None of this is flashy AI magic. It's the kind of "small friction removed" update that quietly makes your day smoother — and those add up.
Benefits with Real-Life Examples 💡
1. Web search right in the integrated browser
Setting: workbench.browser.searchEngine
You can now type a query straight into the integrated browser's address bar, and it searches using your configured search engine — just like a normal browser tab.
Real-life example: You're deep in a function, need to quickly check a Stack Overflow answer or MDN doc, and instead of switching windows and losing your train of thought, you just search right there in VS Code. Small thing, but it keeps you "in the zone."
2. Browse over remote connections (Preview)
Setting: workbench.browser.enableRemoteProxy
When you're working in a remote workspace (like a dev container or remote SSH server), the integrated browser can now proxy your web traffic through that remote connection.
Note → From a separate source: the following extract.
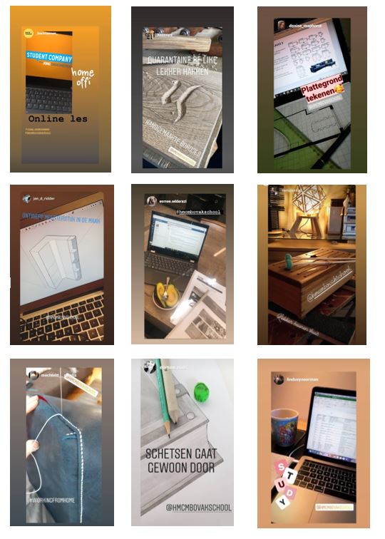 Alle studenten volgen nu onderwijs op afstand. De basis voor het onderwijs op afstand is Magister en daarnaast wordt gebruik gemaakt van Teams van Office 365. Hieronder zijn een aantal beelden te zien van studenten die thuis onderwijs volgen:

That means you can securely reach ports or internal services that are only visible from the remote machine.
Real-life example: You're running a local dashboard on a remote dev server at port 5000. Normally that's invisible to your laptop's browser. Now, with this preview setting on, VS Code can reach it directly. It's still labeled "preview," so expect a few rough edges — but it solves a genuinely annoying problem.
3. Better port handling for agents
If you've forwarded a port in a remote workspace, agents previously could fumble trying to open the browser because the port number didn't match. Now, when an agent requests a forwarded port, VS Code rewrites the URL automatically and lets the agent know. Less confusion, fewer "why isn't this loading" moments.
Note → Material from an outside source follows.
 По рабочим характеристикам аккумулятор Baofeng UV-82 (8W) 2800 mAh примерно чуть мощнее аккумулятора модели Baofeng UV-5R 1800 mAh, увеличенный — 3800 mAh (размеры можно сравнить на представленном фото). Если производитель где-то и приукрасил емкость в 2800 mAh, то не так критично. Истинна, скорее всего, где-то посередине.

4. Install model providers straight from the Language Models editor
Extensions can bring their own AI model providers beyond the usual Bring Your Own Key (BYOK) setup. Before, you had to already know the right tag to search for in the Extensions view (language-models — now you know 😄).
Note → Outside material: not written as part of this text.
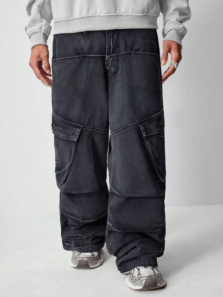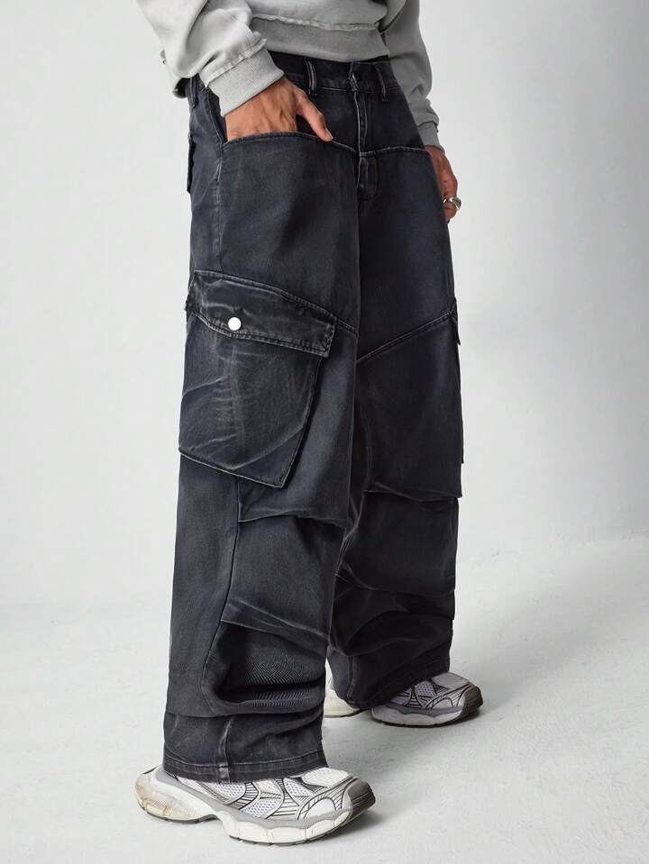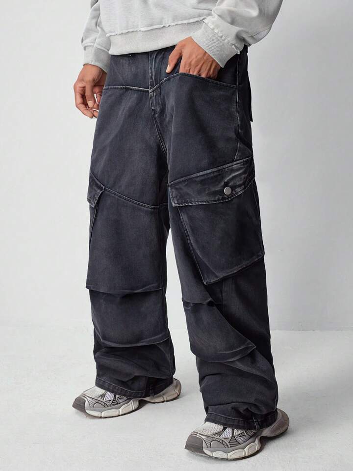 Grunge Punk Jeans cargo droits à jambes larges et décontractés pour hommes

Now there's an Install Model Providers button right in the Language Models editor. Click it, and it opens the Extensions view already filtered to relevant extensions. Once installed, the new models just show up in your model picker alongside everything else.
Real-life example: You hear about a new model provider extension from a colleague but don't remember the exact search term. Now you don't need to — the button does the filtering for you.
5. Configurable extension auto-update delay
Setting: extensions.autoUpdateDelay
This builds on the delayed auto-update feature from the previous release. You can now set, in hours, how long VS Code waits before it installs an extension update. By default, it's two hours.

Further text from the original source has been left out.